▶ **Data for review**:
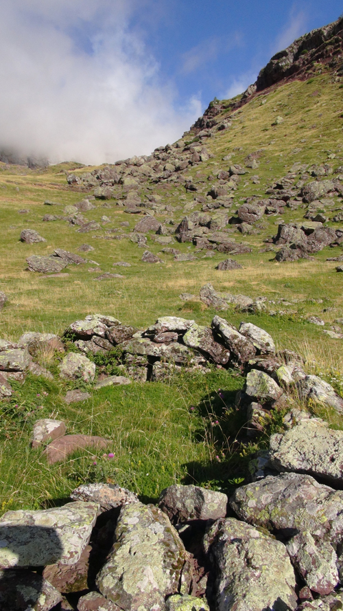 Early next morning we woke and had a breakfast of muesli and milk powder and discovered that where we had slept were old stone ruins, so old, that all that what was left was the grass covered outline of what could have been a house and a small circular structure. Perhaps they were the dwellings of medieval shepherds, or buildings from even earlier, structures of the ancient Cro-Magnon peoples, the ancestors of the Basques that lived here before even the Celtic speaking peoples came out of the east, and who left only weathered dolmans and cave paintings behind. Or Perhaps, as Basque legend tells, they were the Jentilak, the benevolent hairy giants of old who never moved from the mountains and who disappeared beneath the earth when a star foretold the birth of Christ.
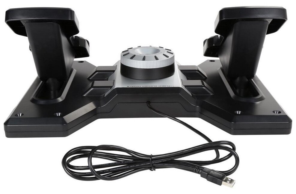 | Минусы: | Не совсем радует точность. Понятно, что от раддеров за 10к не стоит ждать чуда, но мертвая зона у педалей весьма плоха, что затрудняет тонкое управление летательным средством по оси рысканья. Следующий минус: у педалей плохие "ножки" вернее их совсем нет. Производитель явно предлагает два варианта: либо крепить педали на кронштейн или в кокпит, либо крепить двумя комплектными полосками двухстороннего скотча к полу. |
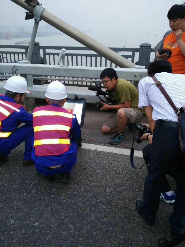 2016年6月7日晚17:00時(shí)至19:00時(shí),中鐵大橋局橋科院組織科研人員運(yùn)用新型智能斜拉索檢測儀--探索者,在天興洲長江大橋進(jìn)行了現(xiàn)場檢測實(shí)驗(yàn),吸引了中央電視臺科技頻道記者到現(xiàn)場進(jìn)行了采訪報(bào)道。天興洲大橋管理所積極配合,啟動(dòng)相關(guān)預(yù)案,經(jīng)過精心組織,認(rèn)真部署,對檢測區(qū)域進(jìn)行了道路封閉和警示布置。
* * *
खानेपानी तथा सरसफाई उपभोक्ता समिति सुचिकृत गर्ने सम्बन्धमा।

▶ **Goal of the exercise**:
Set the pictures aside and retype exactly the lines above from the line with "Early next morning" to the line with "2016年6月7日晚17:0", both included, adding no others.

▶ **Task output**:
 Early next morning we woke and had a breakfast of muesli and milk powder and discovered that where we had slept were old stone ruins, so old, that all that what was left was the grass covered outline of what could have been a house and a small circular structure. Perhaps they were the dwellings of medieval shepherds, or buildings from even earlier, structures of the ancient Cro-Magnon peoples, the ancestors of the Basques that lived here before even the Celtic speaking peoples came out of the east, and who left only weathered dolmans and cave paintings behind. Or Perhaps, as Basque legend tells, they were the Jentilak, the benevolent hairy giants of old who never moved from the mountains and who disappeared beneath the earth when a star foretold the birth of Christ.
 | Минусы: | Не совсем радует точность. Понятно, что от раддеров за 10к не стоит ждать чуда, но мертвая зона у педалей весьма плоха, что затрудняет тонкое управление летательным средством по оси рысканья. Следующий минус: у педалей плохие "ножки" вернее их совсем нет. Производитель явно предлагает два варианта: либо крепить педали на кронштейн или в кокпит, либо крепить двумя комплектными полосками двухстороннего скотча к полу. |
 2016年6月7日晚17:00時(shí)至19:00時(shí),中鐵大橋局橋科院組織科研人員運(yùn)用新型智能斜拉索檢測儀--探索者,在天興洲長江大橋進(jìn)行了現(xiàn)場檢測實(shí)驗(yàn),吸引了中央電視臺科技頻道記者到現(xiàn)場進(jìn)行了采訪報(bào)道。天興洲大橋管理所積極配合,啟動(dòng)相關(guān)預(yù)案,經(jīng)過精心組織,認(rèn)真部署,對檢測區(qū)域進(jìn)行了道路封閉和警示布置。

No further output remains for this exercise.